What Is The Molecular Mass Of Br2 ? A) 79.90 Amu B) 79.90 G C) 159.8 Amu D) 159.8 G E) 2.65 X 10-22 Amu 2. What Is The Mass Of 4.50 X 1022 Cu Atoms? A) 7.47 X 10-2g B) 7.47 X 10-2 Amu C) 4.75 G D) 63.55 Amu E) 63.55 G 3.Determine The Number Of Moles Of Aluminum In 96.7 G Of Al. A) 0.279 Mol B) 3.58 Mol C) 7.43 Mol D) 4.21 Mol E) 6.02 X 1023 Mol 4.How Many
The Correct Answer and Explanation is:
Here are the correct answers and detailed explanations for each of the chemistry questions you’ve asked:
1. What is the molecular mass of Br₂?
Correct Answer: C) 159.8 amu
Explanation:
The molecular mass (also called molecular weight) is the sum of the atomic masses of all atoms in a molecule.

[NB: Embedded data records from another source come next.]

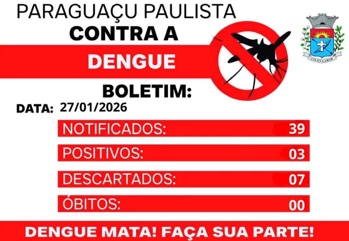 A Secretaria de Saúde da Prefeitura Municipal de Paraguaçu Paulista, com informações da Vigilância em Saúde e Núcleo de Informações Estratégicas em Saúde do Estado de São Paulo, compartilha com a população o boletim atualizado dos casos de dengue no município. Em 2026, até o momento, são três casos positivos, sete negativos, e 39 casos notificados. O cenário é bem melhor que o de 2025, que no mesmo período já tinham sido confirmados 16 casos. Grande parte deste resultado mais favorável deve-se às campanhas de prevenção e da colaboração de cada um e de diversos setores da sociedade. A diminuição dos casos, mesmo em um início de ano mais chuvoso que o anterior, reforça a importância da prevenção.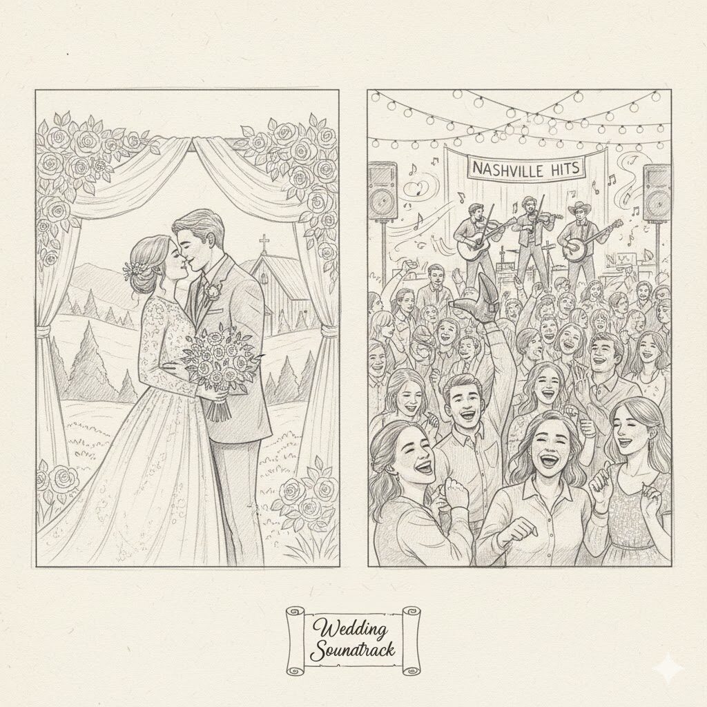 Here is a curated list of suggestions for your Ceremony, Cocktail Hour, and Reception, blending classic country romance with upbeat party energy and the unique Nashville sound of bluegrass and jazz.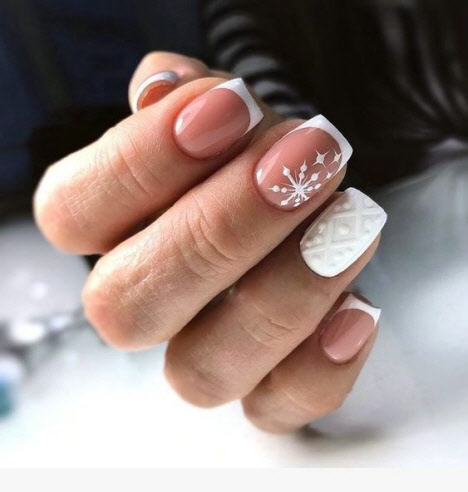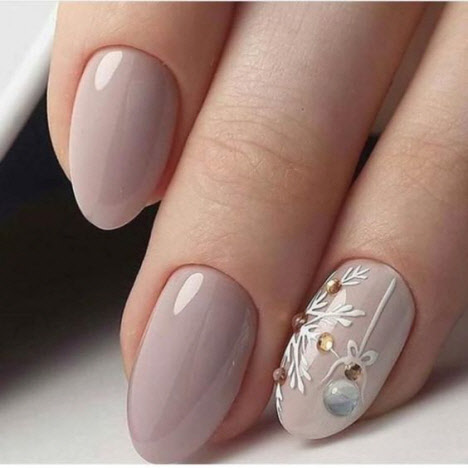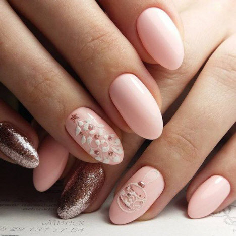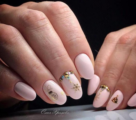 Ruhige, sanfte, gedeckte Nude-Töne werden auch in der Neujahrsmaniküre 2024-2025 im Trend liegen. Aber auch Liebhabern des Minimalismus wird den Meistern empfohlen, zu experimentieren und ihre Nägel eleganter zu gestalten. Fügen Sie zum Beispiel ein paar Glitzer oder Kiesel hinzu, malen Sie eine schöne Schneeflocke oder ein Neujahrsspielzeug, ohne die Eleganz Ihrer Maniküre zu verlieren.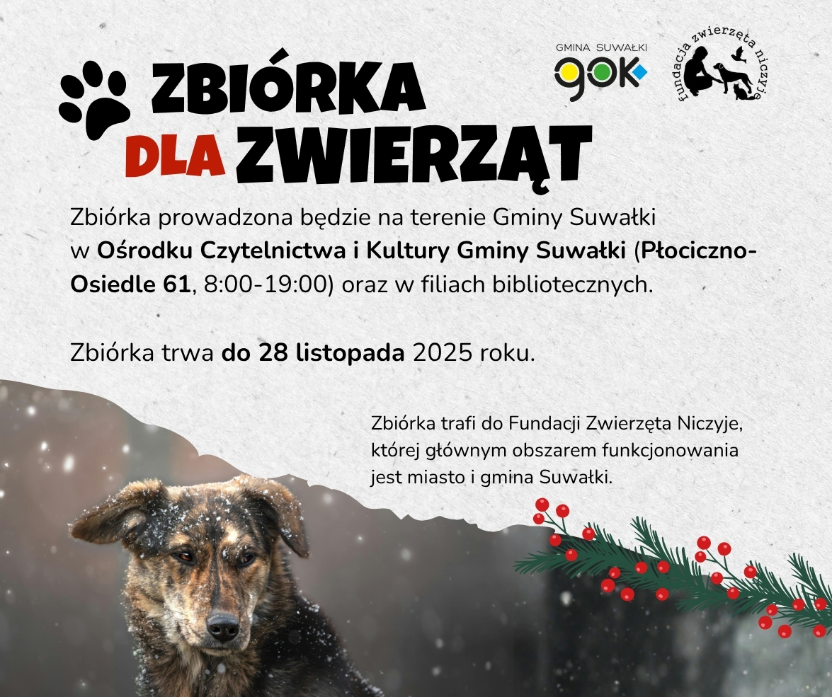 Zachęcamy do przyłączenia się do zbiórki dla zwierząt. POTRZEBUJEMY: mokrej i suchej karmy dla psów i kotów (dobrej jakości, np.: Smilla, Butchers, Rafi, Rocco) | dużych misek | szelek, obroży, smyczy | legowisk nowych lub używanych | starych ręczników, prześcieradeł i poszewek | podkładów jednorazowych | ręczników papierowych| rękawiczek gumowych | środków czystości | żwirku […]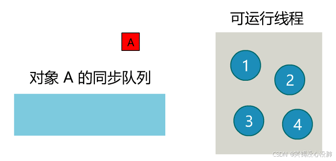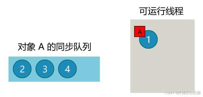 比如,有一个锁对象 A,线程 1 此时持有这把锁。线程 2、3、4 分别尝试抢这把锁失败。

- Bromine (Br) has an atomic mass of approximately 79.90 atomic mass units (amu).
- Br₂ is a diatomic molecule, meaning it consists of two bromine atoms bonded together.
So, the molecular mass of Br₂ is:
$$
79.90 \, \text{amu} \times 2 = 159.8 \, \text{amu}
$$
Let’s analyze the other options:
- A) 79.90 amu is the atomic mass of one Br atom, not Br₂.
- B) 79.90 g and D) 159.8 g are values that might represent molar masses (mass per mole), not molecular masses.
- E) 2.65 x 10⁻²² amu is nonsensical in this context — that’s far too small.
The key idea is that molecular mass is always expressed in amu, not grams. Grams relate to the mass of moles, not individual molecules.
2. What is the mass of 4.50 × 10²² Cu atoms?
Correct Answer: A) 7.47 × 10⁻² g
Explanation:
To find the mass of a number of atoms, use this formula:
$$
\text{Mass} = \left( \frac{\text{Number of atoms}}{\text{Avogadro’s number}} \right) \times \text{Molar mass}
$$
Where:
- Number of atoms = $4.50 \times 10^{22}$
- Avogadro’s number = $6.022 \times 10^{23} \, \text{atoms/mol}$
- Molar mass of Cu = 63.55 g/mol
$$
\text{Mass} = \left( \frac{4.50 \times 10^{22}}{6.022 \times 10^{23}} \right) \times 63.55
\approx 0.0747 \, \text{g} = 7.47 \times 10^{-2} \, \text{g}
$$
This confirms option A is correct.
3. Determine the number of moles of aluminum in 96.7 g of Al.
Correct Answer: B) 3.58 mol
Explanation:
To find the number of moles:
$$
\text{Moles} = \frac{\text{Mass (g)}}{\text{Molar mass (g/mol)}}
$$
- Mass = 96.7 g
- Molar mass of aluminum (Al) ≈ 26.98 g/mol
$$
\text{Moles} = \frac{96.7}{26.98} \approx 3.58 \, \text{mol}
$$
Thus, 3.58 mol is correct (Option B).